CubaPLUS Magazine

Cirilo Villaverde and His Journey in Search of National Identity

By Yahumila Hidalgo Ceruto Photos: José Tito Meriño
Dec 13, 2025
Cirilo Villaverde and His Journey in Search of National Identity

Cirilo Villaverde, born in San Diego de Núñez, Pinar del Río, was one of those intellectuals—a journalist, writer, founder of periodicals, and an independence patriot—who immersed themselves in the quest for the elements that constitute national identity. His work spanned from the descriptions of the mountains and caves of his native Pinar del Río to portraits of the streets and society of Havana in the first half of the 19th century.

Villaverde is a writer primarily known in Cuba for his novels, especially Cecilia Valdés. However, what is less known about this author is that he was also one of the pioneers of speleology in the country.

Loma del Ángel is a steep street in Havana, crowned at its summit by a church of the same celestial name. These are the very streets that serve as the setting for the love affair between Cecilia Valdés, a beautiful, poor, orphaned mestiza, and Leonardo de Gamboa, a young man of noble birth. This novel portrays colonial Cuba in the first half of the 19th century and the monstrous outcomes generated by slavery in the society of that era.

07-Cirilo-Villaverde4_4.jpg"Villaverde's magnum opus is a true compass, like Ariadne's thread guiding us to grasp the convulsing images of a society that was shaking and unsettled in search of its own identity," notes Salvador Bueno.

The book, whose definitive version was published in 1882 with the subtitle Loma del Ángel, has been adapted for musical theater and film.
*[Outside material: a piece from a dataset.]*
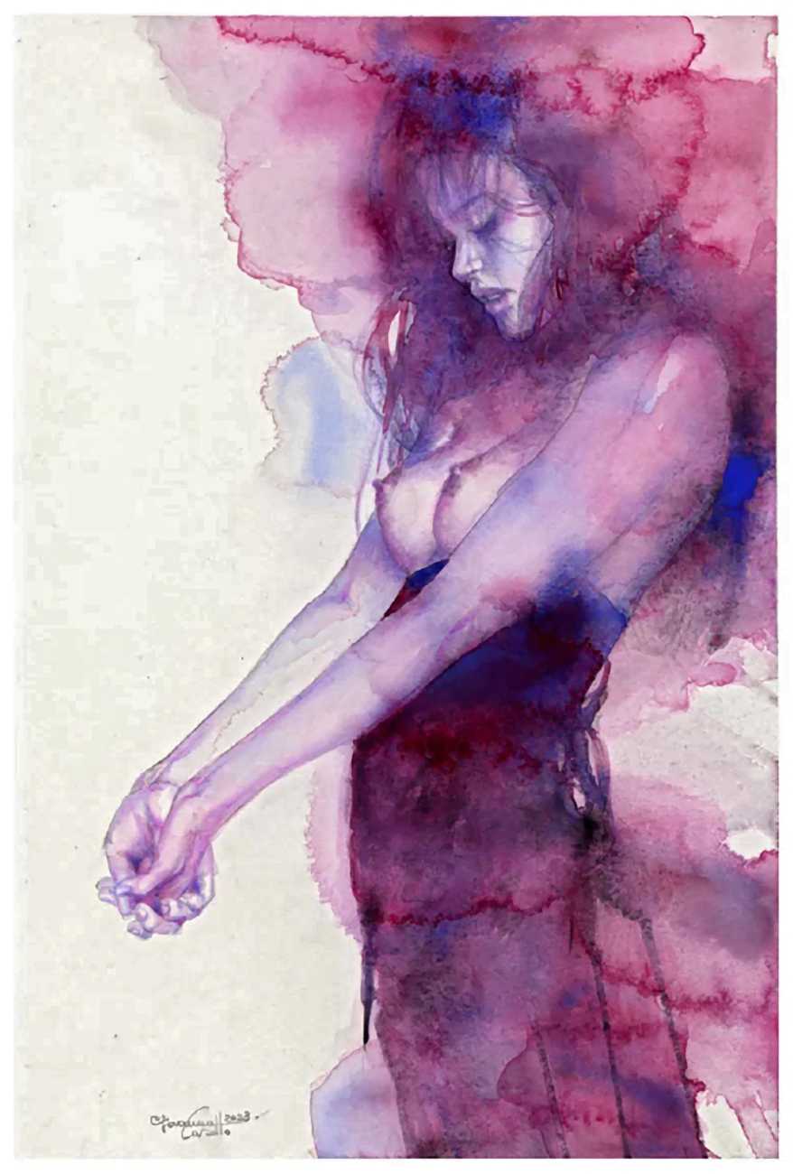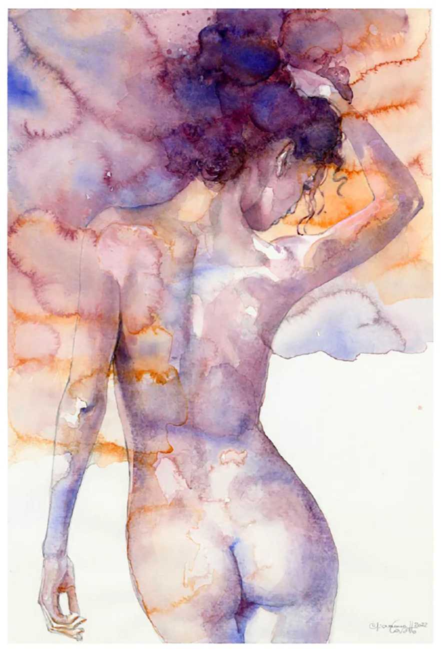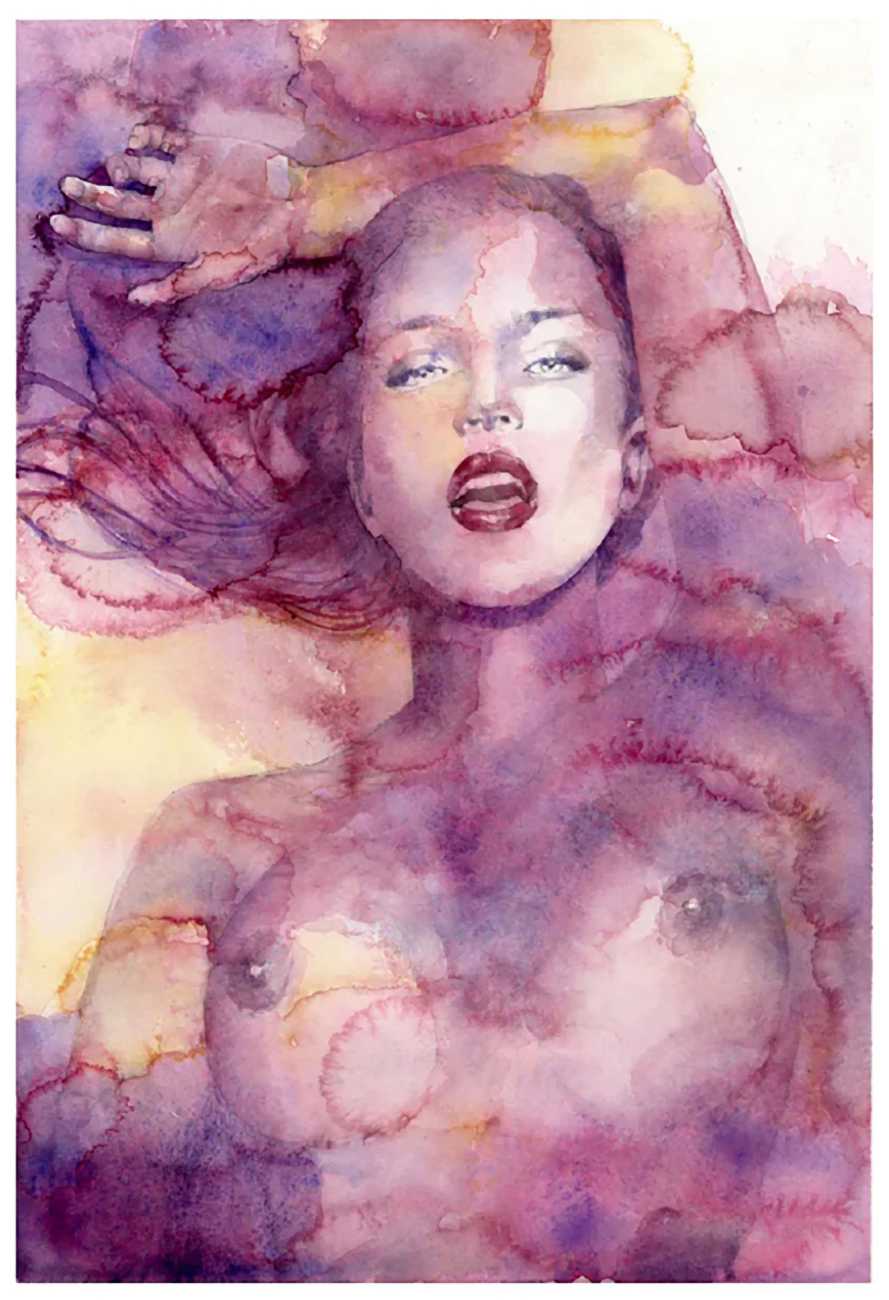 Casotto’s watercolours still feature the same conventionally beautiful, shapely young women, but demonstrate that the artist is comfortable, fluent and exploratory in her new chosen medium.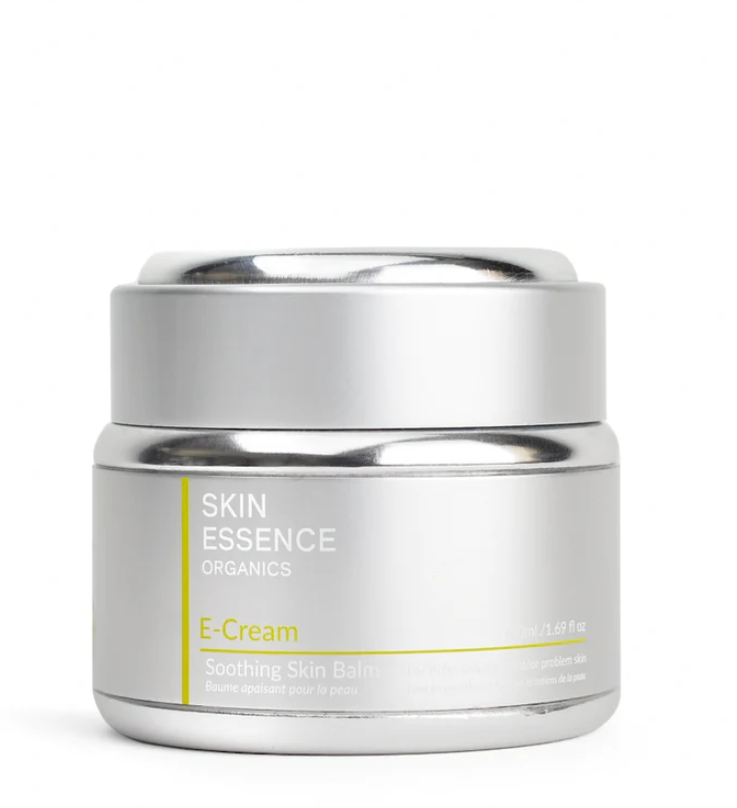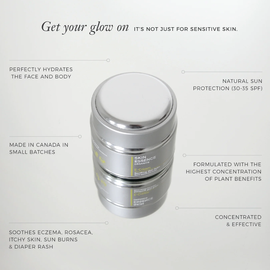 E-Cream is a delicately balanced soothing skin balm that contains a wide variety of plant extracts that offer excellent anti-aging, hydrating, calming, soothing and anti-inflammatory benefits for daily use. It is ideal for moisturizing all skin types as E-Cream helps to soothe and reduce the effects of dry skin, eczema, rosacea, redness, sunburns, insect bites, itchy skin and offers natural sun protection benefits.

Currently, in front of the Church of El Ángel, there is a life-size statue of Cecilia Valdés, and a bust of her creator has been placed a few meters away.

Villaverde and Cuban Nature

The writer's interest was also directed toward natural landscapes. He was an enthusiastic explorer who meticulously described his journeys through the caves and forests of the Pinar del Río mountains, which held scenic treasures that, until then, had scarcely any existing descriptions. In his book Excursión a Vueltabajo (Excursion to Vueltabajo), published between 1842 and 1848 as a serial, along with other texts in El Faro Industrial of Havana, he describes various sites in the Sierra del Rosario, near El Pan de Guajaibón, the highest elevation in western Cuba.

His notes on the caves of Los Portales, Vargas, and Cueva de Canillas are particularly noteworthy. Antonio Núñez Jiménez mentions these in his book Cuba Subterránea (Subterranean Cuba), recognizing Villaverde as a precursor of Cuban speleology. Excursión a Vuelta Abajo has served as a basis for establishing protected areas in Cuba, such as Mil Cumbres in Sierra del Rosario, Pinar del Río province, which has incorporated these descriptions into its management plans as a reference for the study and characterization of the area.

Cirilo's was an observant gaze, whose literary journeys were fundamentally guided by the search for the essence of what it means to be Cuban.